For Linux, honestly I'd rather see nm_nl_cache_search() used instead of #defining it to nl_cache_search().  Then it's clearer when the workaround is used and when it's not supposed to be used.  Otherwise it's just confusing later in the code whether or not you care about the address family or not.

Also, for multi-line if() statements like in link_extract_type(), even for subsequent switch statements, I'd like to see {} for the if block.  That makes it a lot less error prone later on if more code gets added to the if block and then you wonder why your code always gets executed.  In this case, even worse if in the future another if() block was added just below the switch.  Always using {} helps prevent errors like that.

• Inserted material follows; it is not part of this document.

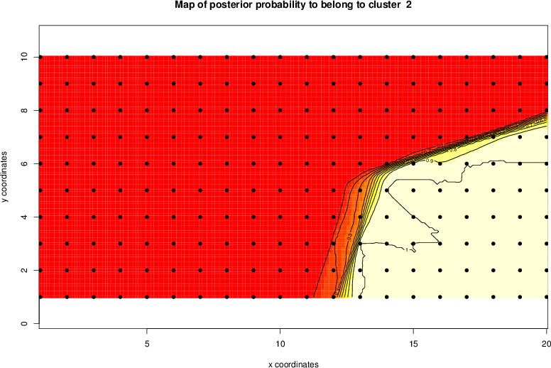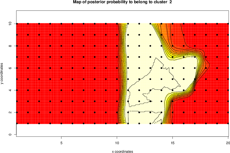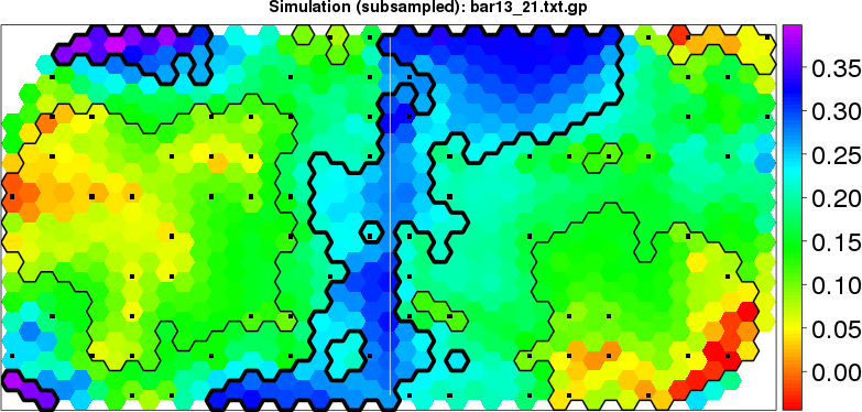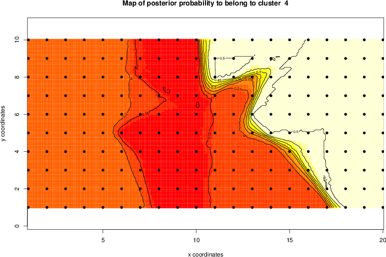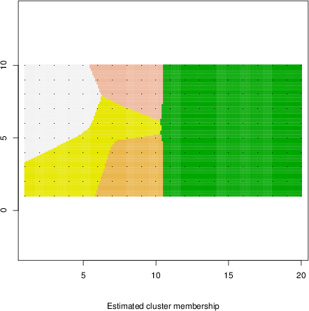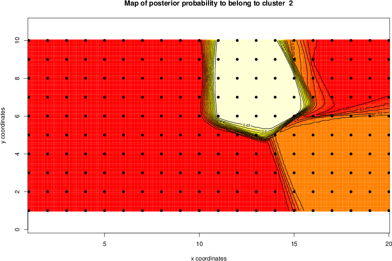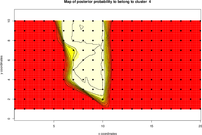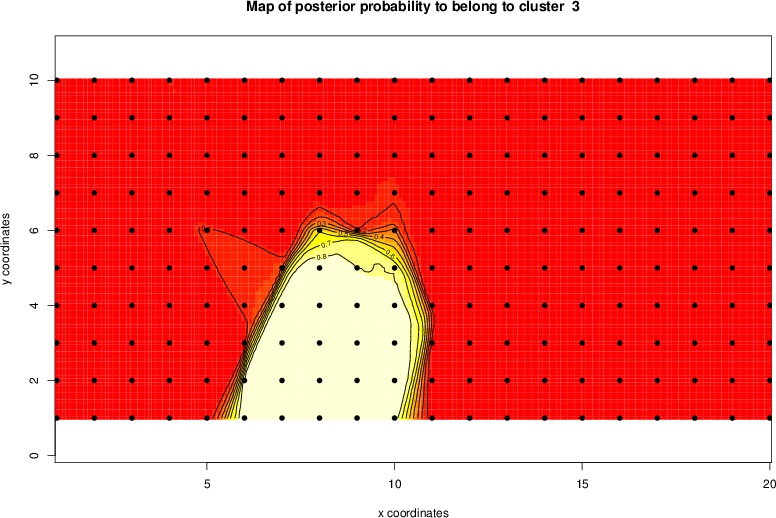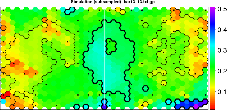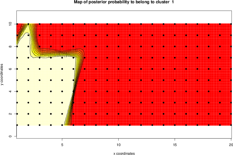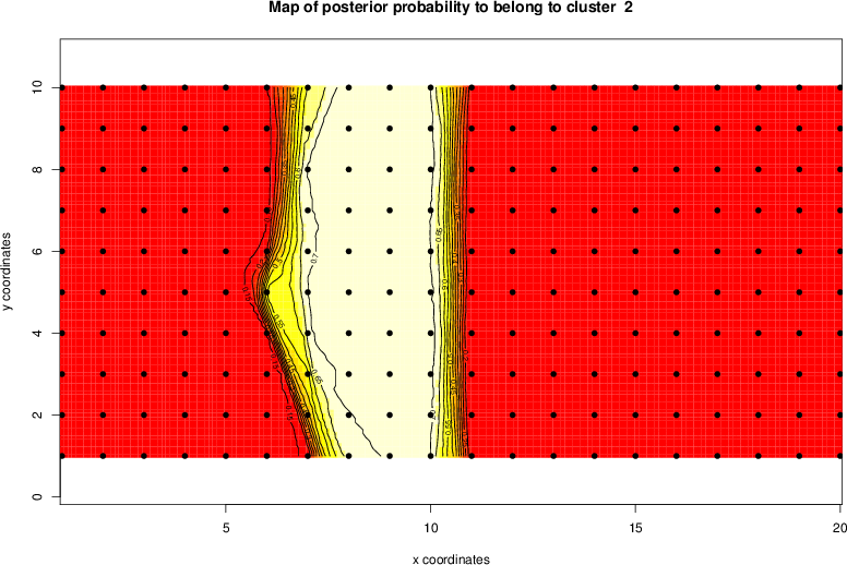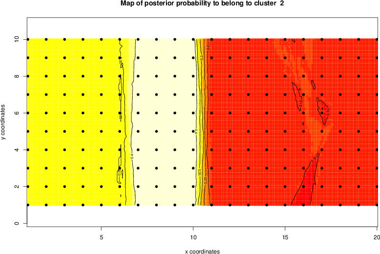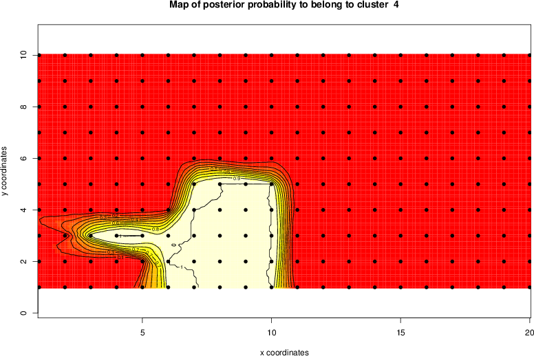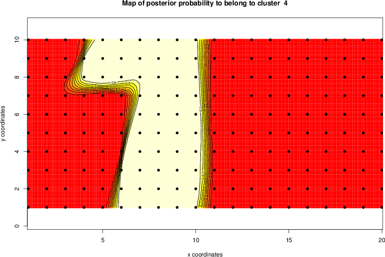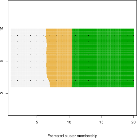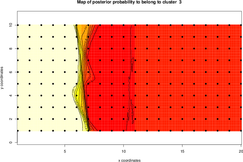 Simulated data | Geographical plots of weighted mean of all ellipse values (i.e., individual genetic distances ar of Rousset 2000) and significant barrier (cells with differentiation values higher than expected under a random distribution (no FDR applied) are materialized with thick black borders) | Idem, Benjamini-Yekutieli FDR applied | MAPI analysis (no FDR applied) with subsampled (75/200) dataset | MAPI analysis (Benjamini-Yekutieli FDR applied) with subsampled (75/200) dataset | Best probability memberships | Probability memberships for cluster 1 | Probability memberships for cluster 2 | Probability memberships for cluster 3 | Probability memberships for cluster 4 | Probability memberships for cluster 5 | Best probability memberships | Probability memberships for cluster 1 | Probability memberships for cluster 2 | Probability memberships for cluster 3 | Probability memberships for cluster 4 | Probability memberships for cluster 5 | Scatter plot showing the first two components of the DAPC (when K*>2) or density plot showing the first principal component of the DAPC (when K*=2) | Probability memberships for cluster 1 | Probability memberships for cluster 2 | Probability memberships for cluster 3 | Probability memberships for cluster 4 | Probability memberships for cluster 5 | Scatter plot showing the first two components of the DAPC (when K*>2) or density plot showing the first principal component of the DAPC (when K*=2) | Probability memberships for cluster 1 | Probability memberships for cluster 2 | Probability memberships for cluster 3 | Probability memberships for cluster 4 | Probability memberships for cluster 5 |

Why does the Linux platform's link_get_flags() function return IFF_NOARP when the link can't be found?  Shouldn't it return 0?  This would cause nm_platform_link_uses_arp (-1) to return TRUE, which doesn't seem right.

Linux platform's link_change_flags() method should g_return_val_if_fail (change != NULL, FALSE); not "1".

Is there a reason that the socket credentials code is no longer required, eg:

http://cgit.freedesktop.org/NetworkManager/NetworkManager/commit/src/nm-netlink-monitor.c?id=cadc56abc80b62b328ff345f22a3642e124c4740

Comment 6 Pavel Simerda 2013-03-29 23:29:01 UTC

(In reply to comment #5)
> Code docs for things that return or signals that emit NMPlatformLink or
> NMPlatform*Route or NMPlatform*Address should probably indicate that the object
> is a *snapshot* of the information they contain, and not long-lived.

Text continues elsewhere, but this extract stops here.